Taking portraits of celebrities is something many photographers aspire to — the shots look great in the portfolio, and it adds a bit of excitement. I’ve been lucky enough to work with lots of celebrities over the years, and here are a few lessons I’ve learned from experience.
Preparation is always important, but it becomes all the more acute when shooting famous types, as you’ll often have VERY little time to play with. You’ll be stunned at how little time you get with some celebrities, even on shoots that are planned and scheduled. I’ve shot Jean-Claude Van Damme in 45 seconds, Prime Ministers and Cabinet Ministers in less than 30 seconds, and many other celebs in mere minutes. If you’re planning on getting several different shots, set them all up in advance, providing you’ve got enough equipment to do so. Then, when you get the green light, you can smoothly move from one setup to another in a very short amount of time.
Before a shoot, do a bit of research on the person in question. Ten minutes on the web can tell you all you need to know. A quick search can provide information for a conversation starter, as well as help you know which subjects to avoid. It can also get you thinking about ideas for shots to do with them and illustrate how they’ve been photographed before.

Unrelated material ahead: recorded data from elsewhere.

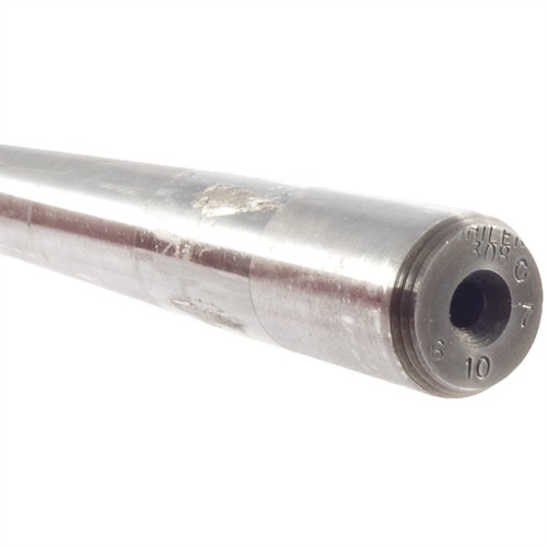Shilen-Läufe, ob Chrome Moly oder Edelstahl, werden mit sechs Zügen und Feldern durch das „Cold Forming“-Verfahren unter Verwendung von Hartmetallformen, die in Shilens eigenem Werk unter den strengsten Kontrollen hergestellt werden, gezogen. Diese Riffelungsmethode erreicht eine extrem enge Innenuniformität vom Patronenlager bis zur Mündung. Fertige Läufe werden mit einem Luftmessgerät inspiziert (die Empfindlichkeit beträgt .00005" - fünf Hunderttausendstel!) und mit einem 6X-Borescope überprüft. Alle Läufe von .22 bis .30 Kaliber haben Toleranzen von .0005" und eine Uniformität von .0003". Es wird keine Begradigung vorgenommen, und alle Läufe sind vollständig spannungsfrei. Alle Edelstahl-Läufe werden im Werk von Hand geschliffen.
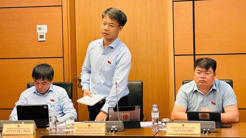 Quang cảnh buổi thảo luận tại tổ 4 gồm các Đoàn ĐBQH: Khánh Hoà, Lai Châu, Lào Cai |
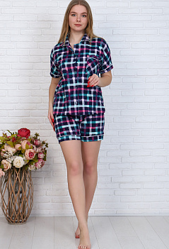 Состав: хлопок 100% Описание: Стильный и удобный хлопковый костюм для домашнего отдыха. Рубашка с коротким рукавом, застёжка - пуговицы. Модель свободного прямого кроя, с отложным воротником и накладн... Показать описаниеым кармашком. Шортики с высокой посадкой, пояс на резинке. Ткань кулирка. Наличие расцветок уточняйте у менеджера.
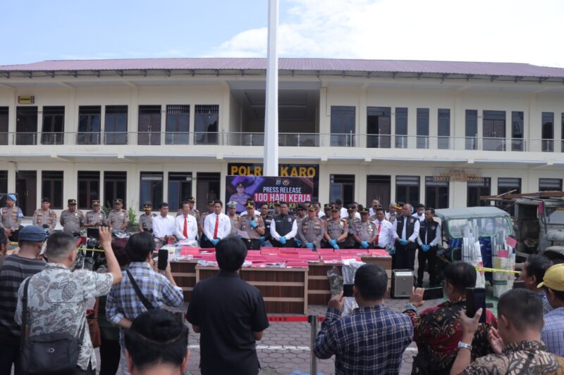 Pengungkapan narkotika Polres Karo juga menunjukkan hasil signifikan. Sebanyak 46 kasus berhasil diungkap dengan total 61 tersangka diamankan selama periode 100 hari pertama 2026.
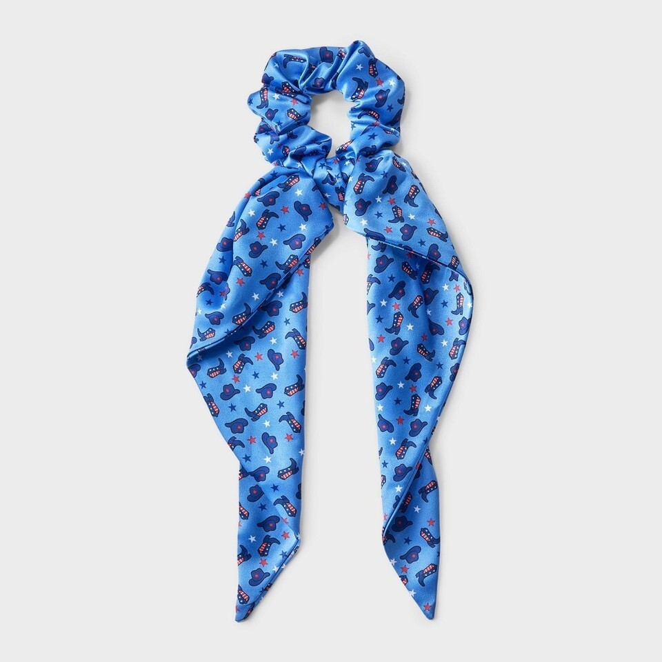Add a fun pop of red, white and blue to your hair with this Americana Hat and Boot Print Hair Twister with Tails - Red/White/Blue. The soft fabric feels comfy all day, and the playful tails give your ponytail or bun a little extra flair. Whether you're heading to a barbecue or just love a western vibe, this twister is a cute and easy way to show off your style.
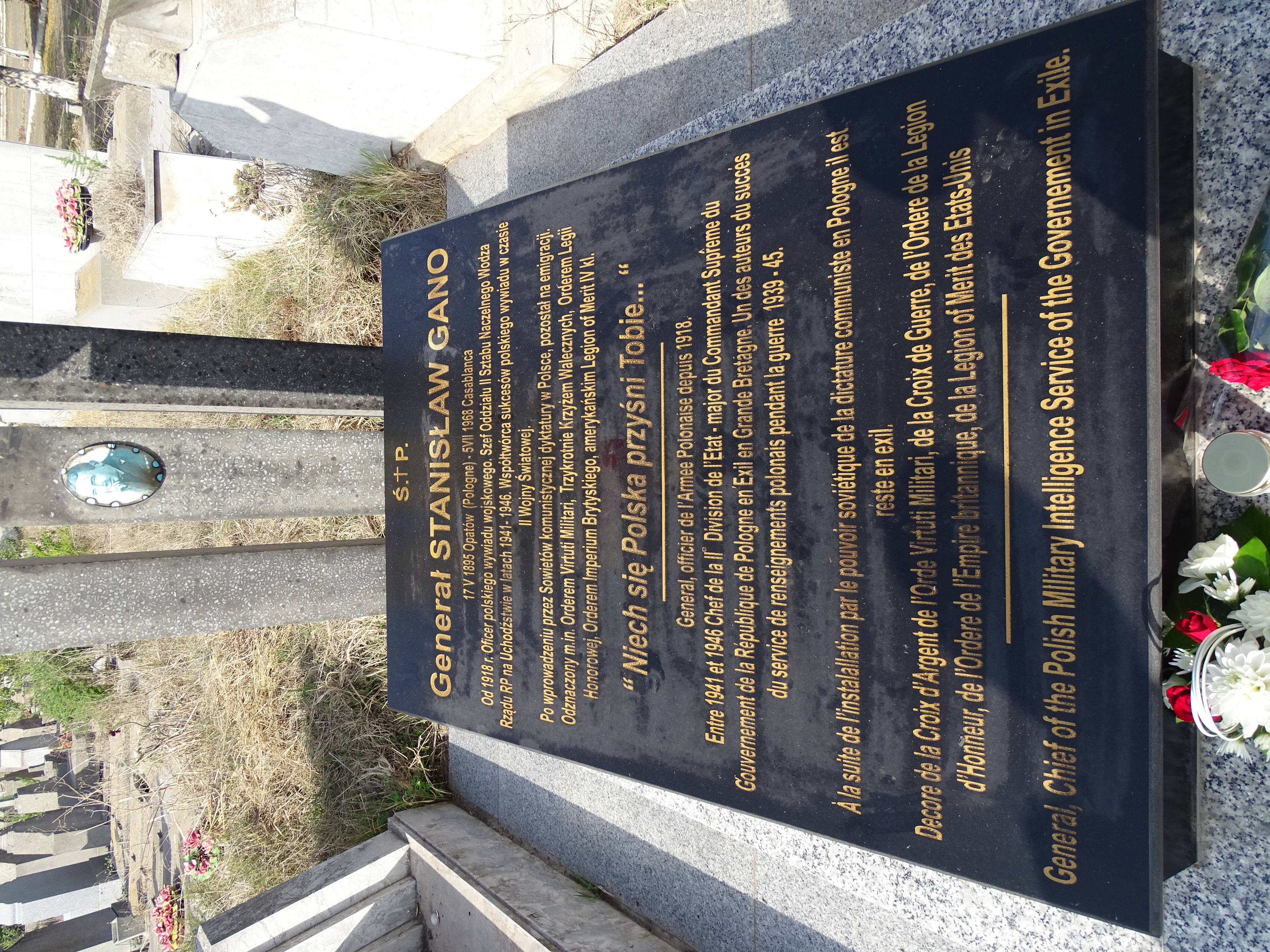Generał Stanisław Gano leży na cmentarzu w Casablance. Można go odwiedzić lub zwyczajnie, przechodząc koło jego grobu, warto przypomnieć sobie słowa jego rozkazu pożegnalnego, które w 1947 roku skierował do pracowników i agentów likwidowanego właśnie polskiego wywiadu, podsumowując, że podległa mu służba była "bezsprzecznie dobrym i wydajnym zespołem rozsianym na wszystkich frontach i zapleczach frontów, wkładającym w ogólny wysiłek wojenny świata swoją część wysiłku, niewspółmiernie nawet wielką w stosunku do ograniczonych możliwości [...]"[7]
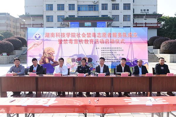 本网讯  10月31日下午, “无毒青春 健康生活”禁毒宣传教育活动在校正式启动。副校长程智开,零陵区副区长、公安局长王小会及相关部门负责人出席。带队老师、禁毒志愿者等500余人参加启动仪式。
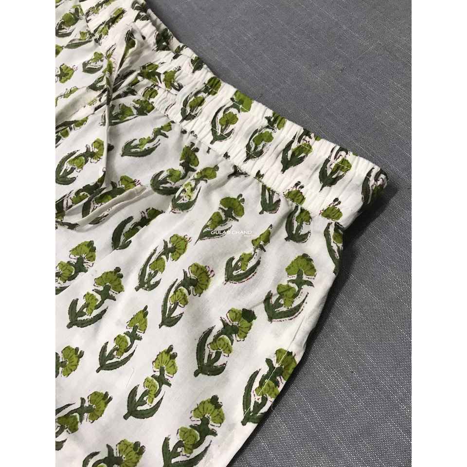 กางเกงขาสั้นผ้าฝ้ายพิมพ์ลายบล็อก-ผ้าฝ้าย 100% เอวกลาง ระบายอากาศได้ดี ตกแต่งลวดลาย ไซส์ใหญ่

Next, ask the basic pre-production questions for the shoot. You should find out as much as possible about where you’re shooting, how long you’ll have, what sort of shots the client needs, whether there’s budget to hire in equipment/extra personnel, and so on. This sort of thing is standard on all professional shoots, so I don’t need to stress it too much.
Now make sure all your kit is working properly, that you’ve got everything you need to get the shots you want, and that you’ve got spares or backups (you do own a spare body don’t you? No? Go to the back of the class and face away from all the other children!) Shoots with a very small time window are not the places for a kit to break down on you!
Next you can do the nice bit and start to come up with ideas for shots you’d like to get. There’s a decent chance your client will already know what they want, and it’ll be your job to get these shots. However, it’s well worth turning up with a few ideas of your own in your proverbial “back pocket” so you can add something extra to the shoot, or even bag a shot for your portfolio.
Lastly, don’t forget that these sorts of shoots are not the ideal places to be experimenting with new techniques or unfamiliar equipment. Stick to the tried and trusted methods, and, if necessary, test stuff out beforehand so you can be sure it works. Whilst it would be great to come home with a truly amazing creative image, your client is expecting something usable from the shoot, and if all they get are lots of very confusing shots where you were playing with your lighting, you may find they don’t call you too often. Whilst you’re on the shoot, mucking about with things, fiddling with settings, forever chimping off the back of your camera and generally looking like you don’t know what you’re doing won’t make the celeb feel very confident in you, and that’s a bad thing…
Egos, Entourages and Experience
Now we come to the more esoteric bit — dealing with the psychological side of shooting famous people. Of the many famous people I’ve worked with over the years, I can fairly say that 10% of them were very difficult, rude, or unprofessional and hard to work with, 10% were simply amazing and left me with a warm glow and renewed faith in humanity as a whole, and 80% were simply polite, professional and got the job done. Pretty much everyone in the public eye understands that part of their job involves having their picture taken quite often, or appearing at sponsors’ events when they’d rather be sitting by the pool. As part of this, they expect you to behave like it’s part of your job too, rather than: “Oh-my-god-it’s-a-celebrity-and-they-just-shook-my-hand-I’ll-never-wash-again.”
Obviously, getting over this problem improves with time, as the novelty wears off. The way to get better at behaving normally is simply to build confidence in yourself as a photographer, and you do that by getting better at your craft and practicing stuff until you can do it easily and quickly under pressure.
Don’t be surprised when a celeb turns up with several people in tow — some celeb shoots can become very crowded once you factor in people from your side (an assistant, your client, hair and make-up, a stylist and so on) and their side (agents, managers, friends, family). Try not to let this distract you, and remember the golden rule of photographing people: There’s only room for one ego on set, and that’s the one in FRONT of the camera. Leave yours at the door. Be prepared to flatter, but not simper. One of the best approaches I’ve always found is to talk about what they’re doing, rather than simply saying: “I loved you in that film; you were really cool.” Ask intelligent questions about their work (you did do your research about them, didn’t you?), and if you’re able to, bring something in from your own experience — you may have worked with someone they know well, or your Mum might be their biggest fan and has always wanted to know x, y or z. Above all, remain professional, and make sure this extends to your crew, your appearance, and your kit (no cereal packet reflectors on celeb shoots, please).
I’ve had some wonderful experiences with celebs in my time, and my mates are very bored from hearing all the stories. But the reason I keep being asked to shoot them is because, above all, I behave professionally and treat them with respect and politeness without groveling at their feet! Practice your craft, fight the urge to bear hug them, lick their face, or wet yourself when you meet them, and should have no problems either!